→ WORK REQUEST
Reproduce all the data, character for character.

→ COLLECTED MATERIAL
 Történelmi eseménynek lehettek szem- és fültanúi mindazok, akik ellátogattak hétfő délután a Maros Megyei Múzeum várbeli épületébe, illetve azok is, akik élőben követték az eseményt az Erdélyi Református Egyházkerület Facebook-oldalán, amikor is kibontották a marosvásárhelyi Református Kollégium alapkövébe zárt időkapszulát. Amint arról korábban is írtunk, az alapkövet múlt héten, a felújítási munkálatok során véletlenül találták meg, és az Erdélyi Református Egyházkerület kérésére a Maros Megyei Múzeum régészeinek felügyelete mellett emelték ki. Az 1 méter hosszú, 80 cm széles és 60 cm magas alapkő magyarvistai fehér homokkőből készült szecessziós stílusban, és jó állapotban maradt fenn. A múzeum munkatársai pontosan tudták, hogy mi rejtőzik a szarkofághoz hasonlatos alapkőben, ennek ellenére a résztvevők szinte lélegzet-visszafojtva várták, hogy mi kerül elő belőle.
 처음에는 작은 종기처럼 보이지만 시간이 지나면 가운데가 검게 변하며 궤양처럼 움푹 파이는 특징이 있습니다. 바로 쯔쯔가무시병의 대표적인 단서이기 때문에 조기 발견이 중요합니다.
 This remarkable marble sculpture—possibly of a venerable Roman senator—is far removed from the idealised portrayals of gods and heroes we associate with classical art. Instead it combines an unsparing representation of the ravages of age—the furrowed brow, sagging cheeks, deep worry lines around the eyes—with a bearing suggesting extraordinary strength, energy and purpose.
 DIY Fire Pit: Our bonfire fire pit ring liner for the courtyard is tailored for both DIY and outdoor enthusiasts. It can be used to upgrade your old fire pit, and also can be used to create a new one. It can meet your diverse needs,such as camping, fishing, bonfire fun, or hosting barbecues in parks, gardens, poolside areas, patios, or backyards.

→ EXERCISE OUTPUT
 Történelmi eseménynek lehettek szem- és fültanúi mindazok, akik ellátogattak hétfő délután a Maros Megyei Múzeum várbeli épületébe, illetve azok is, akik élőben követték az eseményt az Erdélyi Református Egyházkerület Facebook-oldalán, amikor is kibontották a marosvásárhelyi Református Kollégium alapkövébe zárt időkapszulát. Amint arról korábban is írtunk, az alapkövet múlt héten, a felújítási munkálatok során véletlenül találták meg, és az Erdélyi Református Egyházkerület kérésére a Maros Megyei Múzeum régészeinek felügyelete mellett emelték ki. Az 1 méter hosszú, 80 cm széles és 60 cm magas alapkő magyarvistai fehér homokkőből készült szecessziós stílusban, és jó állapotban maradt fenn. A múzeum munkatársai pontosan tudták, hogy mi rejtőzik a szarkofághoz hasonlatos alapkőben, ennek ellenére a résztvevők szinte lélegzet-visszafojtva várták, hogy mi kerül elő belőle.
 처음에는 작은 종기처럼 보이지만 시간이 지나면 가운데가 검게 변하며 궤양처럼 움푹 파이는 특징이 있습니다. 바로 쯔쯔가무시병의 대표적인 단서이기 때문에 조기 발견이 중요합니다.
 This remarkable marble sculpture—possibly of a venerable Roman senator—is far removed from the idealised portrayals of gods and heroes we associate with classical art. Instead it combines an unsparing representation of the ravages of age—the furrowed brow, sagging cheeks, deep worry lines around the eyes—with a bearing suggesting extraordinary strength, energy and purpose.
 DIY Fire Pit: Our bonfire fire pit ring liner for the courtyard is tailored for both DIY and outdoor enthusiasts. It can be used to upgrade your old fire pit, and also can be used to create a new one. It can meet your diverse needs,such as camping, fishing, bonfire fun, or hosting barbecues in parks, gardens, poolside areas, patios, or backyards.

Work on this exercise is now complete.